Segment Start: Raw data

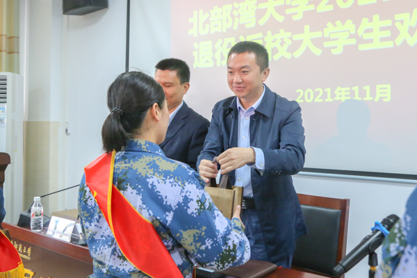 仪式中,与会领导们为同学们一一戴上“光荣退伍”绶带,并送上复学纪念品,勉励同学们勤勉学习,做德才均备、体魄健全的湾大人。
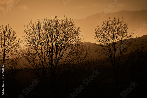 rain curtain at sunset with trees in front
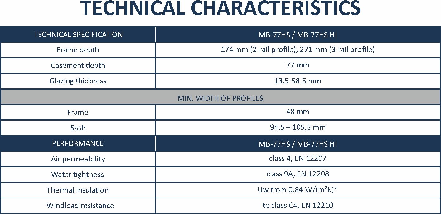 • the MB-77HS features a high level of compatibility with the ALUPROF MB-86 allowing the door to can be aesthetically combined
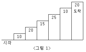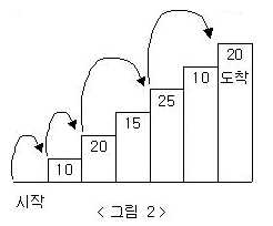 예를 들어 <그림 2>와 같이 시작점에서부터 첫 번째, 두 번째, 네 번째, 여섯 번째 계단을 밟아 도착점에 도달하면 총 점수는 10 + 20 + 25 + 20 = 75점이 된다.

Segment End: Raw data

Your objective.
Print the material above verbatim, no images.

Answer to the exercise.
 仪式中,与会领导们为同学们一一戴上“光荣退伍”绶带,并送上复学纪念品,勉励同学们勤勉学习,做德才均备、体魄健全的湾大人。
 rain curtain at sunset with trees in front
 • the MB-77HS features a high level of compatibility with the ALUPROF MB-86 allowing the door to can be aesthetically combined
 예를 들어 <그림 2>와 같이 시작점에서부터 첫 번째, 두 번째, 네 번째, 여섯 번째 계단을 밟아 도착점에 도달하면 총 점수는 10 + 20 + 25 + 20 = 75점이 된다.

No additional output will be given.